- Born: 19 December 1968 (age 57) Burnie, Tasmania, Australia
- Education: Victorian College of the Arts
- Occupations: Actress (stage and screen)

= Alison Whyte =

Australian actress (born 1968)

Alison Whyte (born 1968) is an Australian actress best known for her roles on the Australian television series Frontline and Satisfaction.

==Acting career==
A former student of classical ballet, Whyte graduated from the Victorian College of the Arts before rising to prominence on Australian television for her role as the moralising producer Emma Ward on Frontline, the ABC's parody of current affairs programs – a role for which she won the 1997 Silver Logie Award for Most Outstanding Actress. From 2007 to 2010 she played Lauren, the housewife-turned-prostitute on Satisfaction. She won the 2008 Silver Logie Award for Most Outstanding Actress for this role.

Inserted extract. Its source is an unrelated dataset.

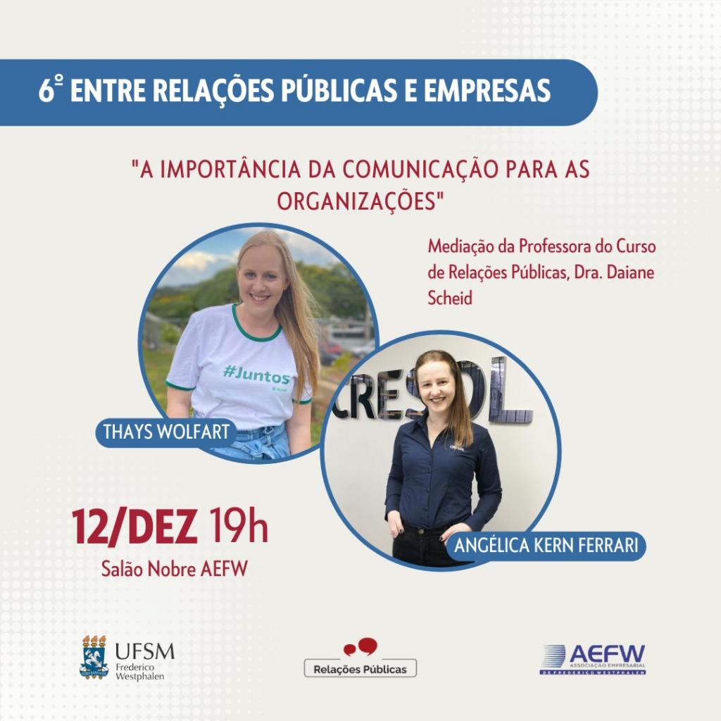 No próximo dia 12 de dezembro, às 19h, na Associação Empresarial de Frederico Westphalen (AEFW), ocorre o 6º Entre RP & Empresas, cujo tema é “A importância da comunicação para as organizações”. Para o painel, estão confirmadas as apresentações das relações-públicas Thays Wolfart (Sicredi) e Angélica Kern (Cresol), egressas da UFSM/FW e atuantes em cooperativas de crédito na cidade. A mediação estará a cargo da Profª Drª Daiane Scheid.

Her other television roles have included the legal comedy-drama Marshall Law and Good Guys, Bad Guys. She has also guest starred in an episode of City Homicide. Whyte's film roles include the two-actor film Saturday Night, with Aaron Pedersen, and The Dressmaker directed by Jocelyn Moorhouse.

Whyte appeared on stage in several Shakespeare plays, A Midsummer Night's Dream in several roles over several productions, Twelfth Night as Viola, Much Ado About Nothing as Hero, Macbeth as Lady Macbeth, Hamlet as Gertrude, King Lear as a gender-swapped Gloucester. In 2008, she appeared in a production of David Williamson's play Don's Party at the Sydney Opera House. In 2012, Whyte played Olive in Summer of the Seventeenth Doll in Brisbane and Melbourne.

In 2010, Whyte won Best Female Actor in Supporting Role in a Play at the 10th Annual Helpmann Awards for her portrayal of Queen Elizabeth in Richard III, directed by Simon Phillips. She was also nominated for Best Female Actor in a Play in 2014 for The Bloody Chamber, and in 2017 for Faith Healer.

In 2021, Whyte appeared in the final series of Jack Irish. In 2023, Whyte appeared in Stan series Scrublands.

In 2023/24, Whyte played Linda Loman opposite Anthony LaPaglia's Willy in an Australian production of Arthur Miller's Death of a Salesman in Melbourne and Sydney. In 2026, the production returned to Melbourne and also toured Adelaide and Brisbane. Earlier in 2026, she appeared as Amanda Wingfield in Tennessee Williams' The Glass Menagerie for the Melbourne Theatre Company.

==Other work==
From 1995 to 2007 Whyte and her husband Fred Whitlock ran the Terminus Hotel in Abbotsford, Melbourne. The couple then went on to own the Yarra Glen Grand Hotel, in the Yarra Valley, before selling it in 2015.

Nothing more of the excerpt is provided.